Exactly a year after President Donald Trump returned to office and swiftly signed an executive order establishing the Department of Government Efficiency, the Revolving Door Project on Tuesday released a report detailing all the damage that DOGE has done.
"Under the banner of the so-called 'Department of Government Efficiency' (DOGE), Elon Musk and Russell Vought have eagerly shred political, professional, and legal precedent in their effort to dismantle the essential functions of the federal government—and most importantly, democracy at large," says the report, DOGE: From Meme to Government Erosion Machine.

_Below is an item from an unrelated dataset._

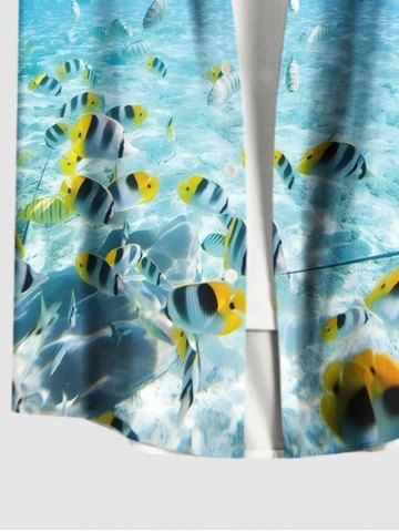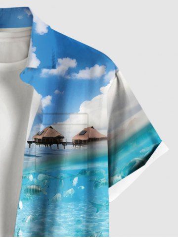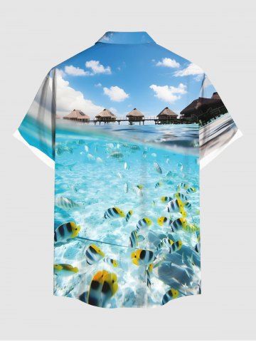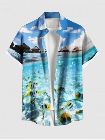 Chemise Imprimé Paysage de Poisson 5 Boutons avec Poche Grande Taille pour Homme - Bleu Clair - Bleu Clair

In addition to being the richest person on Earth, Musk was DOGE's de facto leader until he left the administration at the end of May, on bad terms with Trump—a falling out addressed in the report. Meanwhile, Project 2025 architect Vought remains both director of the Office of Management and Budget (OMB) and acting director of the Consumer Financial Protection Bureau (CFPB).
CFPB is among the 20 "agencies targeted by DOGE" that have their own sections in the report. Each section features a timeline of attacks, outlines impacts on capacity and material harms, and lists notable names of ousted leadership and DOGE agents.
"We hope that this report will show the public how dangerous a madman Elon Musk is, and why corrupt billionaires, with zero experience in governance, have no place making decisions for career officials."
"After Musk's exit, DOGE, filled with his lackeys, remained a feature in the federal government," the report states. "In fact, the guiding principles of DOGE—traumatizing federal workers, decimating government capacity, and slashing funding for people and places in need—were rejuvenated, albeit with a new, more effective and more discreet standard bearer."
Vought, the publication explains, "began firming up DOGE's legacy behind the scenes, using the power of his office to embed DOGE personnel in federal agencies as full time staff and institutionalize funding cuts through illegal use of the Impoundment Control Act."
Elon Musk may have left government, but DOGE's guiding principles still remain under the guidance of OMB Director Russel Vought. If anything, Vought will carry out the decimation of government capacity with an efficiency and ideological ruthlessness that Musk never possessed.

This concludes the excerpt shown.